The administrator within Barrin took over, considering the years, decades perhaps, that it would take for Urza to even locate enough suitable candidates, especially if he wanted to form an army from such a program’s detritus. The sheer logistics for such a limited return did not seem prudent.
“Not train,” Urza said, dismissing the idea with the easiest shake of his head. “Not as such. What I have in mind will require of a candidate too many specific traits that could never be learned, even in the time given some mortals here on Tolaria.” He turned from the board, fixing his hard gaze on Barrin. “Our new army and the heir to the Legacy must be bred.”
Book I
The Human Component
(3385-3571 A.R.)
The difference in designs between demon and man is often that razor-thin line which divides the intentions of one from the other. No one has demonstrated that principle to me better than Urza. When forced to descend to the level of one’s enemy, that fine blade may be the only path remaining back to sanity.
—Barrin, Master Mage of Tolaria
Gatha gazed out one of the nearby teardrop windows, his arms crossed defiantly over his chest as Barrin answered questions for a batch of new students. Smoke-tinted glass stained the outside world a dull gray, physically expressive of Gatha’s own darkening mood as Barrin continued to make him wait. Rain spattered off the window’s upper curve, at times hard and insistent and then fading to a light drizzle. The latest buildings for Urza’s new laboratories had been completed just in time. Tolaria’s stormy season had begun.
“We’ve been over this before,” Master Barrin explained in answer to a question Gatha had ignored. The mage’s voice remained patient, though at a glance the senior student noticed a tightening around Barrin’s hard green eyes which forewarned of a darkening mood. “The magic presents no direct influence on the developing child. It is a procedure used prior to conception, to accent the traits which the child already stands to inherit from its natural parents.”

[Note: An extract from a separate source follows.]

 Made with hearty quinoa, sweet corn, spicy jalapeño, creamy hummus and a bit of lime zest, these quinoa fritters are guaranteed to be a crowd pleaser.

He was still discussing the Bloodlines project: Urza’s controversial plan to develop some kind of master warrior. It was now six years into its first generation of subjects. Gatha shrugged aside concern for Barrin’s argument and began tapping his foot to illustrate his impatience.

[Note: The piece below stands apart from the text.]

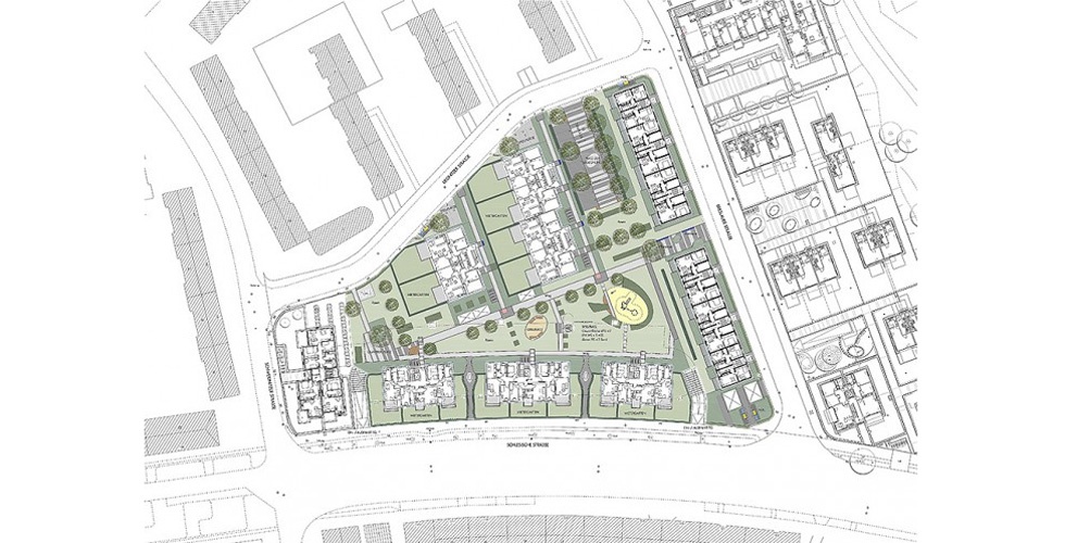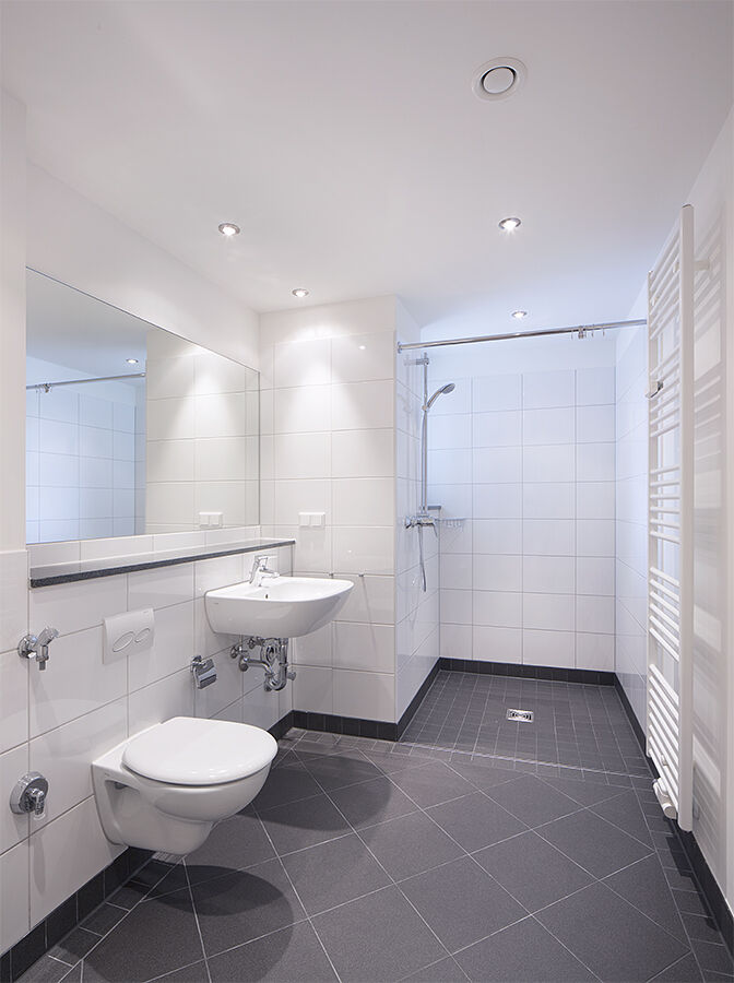 Insgesamt entstanden 105 Mietwohnungen, davon 27 Einheiten mit öffentlicher Förderung. Der ruhende Verkehr ist überwiegend in einer Tiefgarage untergebracht.

Like sheep with their shepherd—in Gatha’s judgment—the new students flocked around Barrin at the front of the workshop. The space had been cleared and cleaned by the senior student in preparation for this orientation class. Except for the half-built gestate cradle pushed into one forward corner, it was the same as every lecture hall in the main academy buildings. Gatha might have found better uses for his time, though a request from Barrin was never to be ignored, and there was something to be said for any recognition by the academy’s chief administrator. The senior student held his silence and his place, occupying himself by studying the latest arrivals to Tolaria. The group was one short of a full dozen. Their eyes burned brightly with interest over the tour of the new labs and the information imparted by the master mage. Many of them aspired to be the next prodigy, of course—the next Teferi or Jhoira—or like Gatha himself. At the island academy such visions of personal grandeur were expected, even encouraged, if one owned the talent. A few students fell outside such a generality, though. They glanced about, troubled and nervous. Gatha labeled these ones right away as the next set of ‘able hands.’ They might work on the major projects, even on the Legacy itself, but always under the exacting direction of others, tools in the hands of masters like Barrin, Rayne, and one day soon, himself.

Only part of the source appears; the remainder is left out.